114 00:07:46.010 ⇒ 00:07:48.339 Ashwini Sharma: Then maybe the next one today.
115 00:07:48.520 ⇒ 00:07:51.530 Uttam Kumaran: Okay, then maybe the next thing is to just… then we can…
116 00:07:51.800 ⇒ 00:07:56.069 Uttam Kumaran: Start modeling, like, that… those first, kind of, like, members tables.
117 00:07:56.490 ⇒ 00:07:57.180 Ashwini Sharma: Sure.
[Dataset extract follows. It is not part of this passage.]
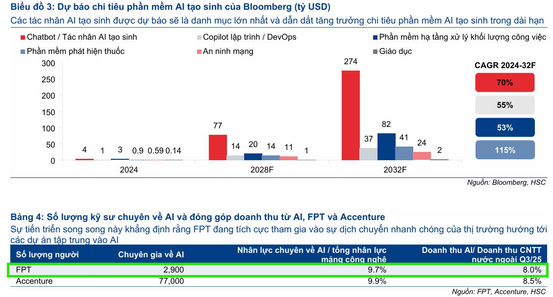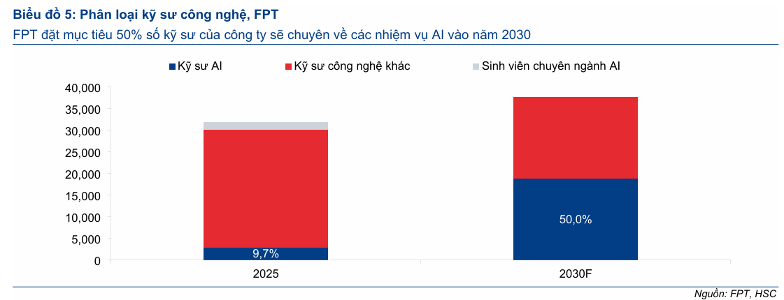 FPT, lựa chọn hàng đầu của HSC, đang tăng cường năng lực AI thông qua hợp tác với các đối tác lớn như Nvidia, Mila và Landing AI, đồng thời đẩy mạnh chuyển dịch sang các quy trình phát triển mặc định ứng dụng AI. FPT đang định vị bản thân trở thành đối tác chiến lược cho các doanh nghiệp toàn cầu tìm cách công nghiệp hóa AI tạo sinh và thúc đẩy tăng năng suất trên toàn tổ chức. Ngoài ra, sự ổn định trở lại của thị trường quốc tế, đặc biệt là sự nối lại các hợp đồng chiến lược tại châu Á-Thái Bình Dương, cũng sẽ thúc đẩy đà phục hồi cho FPT trong năm 2026.

118 00:07:57.310 ⇒ 00:08:01.840 Ashwini Sharma: Okay. So, okay, reiterate, I’m not going to touch this file, right?
119 00:08:01.840 ⇒ 00:08:02.320 Uttam Kumaran: Okay.
120 00:08:02.320 ⇒ 00:08:04.050 Ashwini Sharma: I’m going to rerun the pipeline with…
121 00:08:04.360 ⇒ 00:08:16.540 Ashwini Sharma: new, new geographies. Okay, and once it is complete, I’m going to create this sheet again. But this sheet won’t have a comparison with the PF dollars sheet. We don’t have the PF dollars amount right now.
122 00:08:16.770 ⇒ 00:08:24.430 Uttam Kumaran: Yeah, what I’ll actually do is let’s try to… let’s create everything in… the… QA sheet?
123 00:08:25.150 ⇒ 00:08:29.150 Uttam Kumaran: I will create for you the sheets to put this in.
124 00:08:29.560 ⇒ 00:08:34.599 Uttam Kumaran: And you could just work directly in there, that way we don’t get disorganized on, like, multiple sheets.
125 00:08:34.950 ⇒ 00:08:36.270 Ashwini Sharma: Okay, alright.
126 00:08:36.270 ⇒ 00:08:38.489 Uttam Kumaran: Okay. Okay. Thank you, sir.
127 00:08:38.490 ⇒ 00:08:39.900 Ashwini Sharma: Okay, yeah, thanks.
128 00:08:39.909 ⇒ 00:08:40.529 Uttam Kumaran: Alright, talk to you soon.
129 00:08:40.590 ⇒ 00:08:41.340 Ashwini Sharma: Meh.